BETTER PRACTICE MANAGEMENT 

Client service aside, financial advice practices across the nation are exploring a swathe of digital tools to help them be more efficient and effective.

Many have switched to online diaries to manage their time. Moran uses Calendly to manage initial meetings, review meetings and follow-up meetings. 

“We were concerned some of our older clients would struggle with Calendly. But they have really taken to it, along with digital signatures we collect through Hello-Sign. It only takes five minutes to introduce the systems to the clients in a short coaching session. Now, more than 85% of clients self-select their appointments. We have linked this with Zoom so clients can choose how they want to interact with us,” he said.

Moran uses a range of practice management tools to simply workflow, including WorkSorted for CRM, which also links to Calendly meetings.

Rather than Calendly, Fileti uses Chili Piper, a free service, to manage his time, which suited him when he formed his practice. 

“You don’t want to spend too much money on subscriptions when you start a business. Now my business has critical mass, I could use something else and pay a subscription. But Chili Piper is simple and it works. I just send the link to a client and they punch their details into my diary. That’s it. I don’t like to over complicate the process.”

Fileti uses Mailchimp to send marketing material to clients. He says with this software, more of his emails end up at their intended address rather than in the junk folder, which was a problem with a competitor software to Mailchimp he used to use. 

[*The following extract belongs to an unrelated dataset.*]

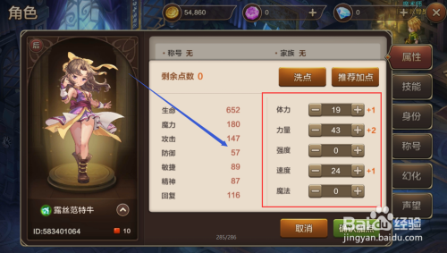 接下来在脚色页面看到本身脚色的各类能力,包罗生命、魔力、进犯等分项,这些都是战斗力的提现。

“People are reading our emails, which I can tell through the open rates and other stats.”

Wealth Planning Partners’ director, Amanda Cassar, relies on Microsoft Azure products such as Team and Planner for practice management.

“We have two team members in the Philippines and these tools are great for collaboration. Our local team works from home one day a week and using Planner means we’re always up-to-date. “We are also rebuilding our

Network Attached Storage for additional internal file storage and security. The rest of our tech stack includes DocuSign, LastPass, Lightyear Docs, Malware Bytes Privacy and XPLAN,” she said.

ADVISER INSIGHTS

It’s worth taking into account the lessons learned by advisers’ who have implemented tech into their businesses  

Overall, Baker said now’s the time to fully embrace the digital opportunity as clients were likely going to be demanding it from their adviser. 

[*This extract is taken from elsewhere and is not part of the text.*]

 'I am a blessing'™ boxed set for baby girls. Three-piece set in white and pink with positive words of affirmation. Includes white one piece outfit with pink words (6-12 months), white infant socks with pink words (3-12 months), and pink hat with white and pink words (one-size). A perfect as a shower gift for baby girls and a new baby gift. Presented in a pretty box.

“Technology is moving fast and many clients will soon demand a digital experience similar to the one they’re used to receiving from other tech-based companies. Technology can improve client relationships and give advisers the ability to impact the lives of thousands rather than just a lucky few. Spend some time researching the options and understanding how they work and can fit into your processes.” 

Similarly, Moran said the best idea for advisers who don’t know which tech to explore next is just to start the journey. 

“It’s easy to spend days, weeks or months procrastinating about software because of the desire for one piece of software to do it all. This just isn’t reality. It’s more valuable to identify manual processes and to look for solutions to these problem. It’s a bonus if the software you choose can solve more than one problem.”

While simply getting started is good advice, Cassar said it’s important to do proper due diligence before choosing the right tech for the firm’s needs. 

“I’ve heard many stories about advisers jumping on the latest nd greatest innovation and finding it didn’t suit their needs, so they had to go back to their original software. Check out group chats for advisers and ask for their experiences. There’s no one-size-fits-all solution for businesses, so it pays to do homework before wasting time and money on tech that doesn’t suit your needs.”

Finally, Brycki recommended seeing technology as an enabler, rather than a threat. 

“Otherwise, your business will become Blockbuster rather than Netflix. We’ve found technology provides an enormous opportunity to deliver a better client experience, improve objectivity and reduce mistakes. Most importantly technology can empower clients to achieve their financial dreams more confidently.”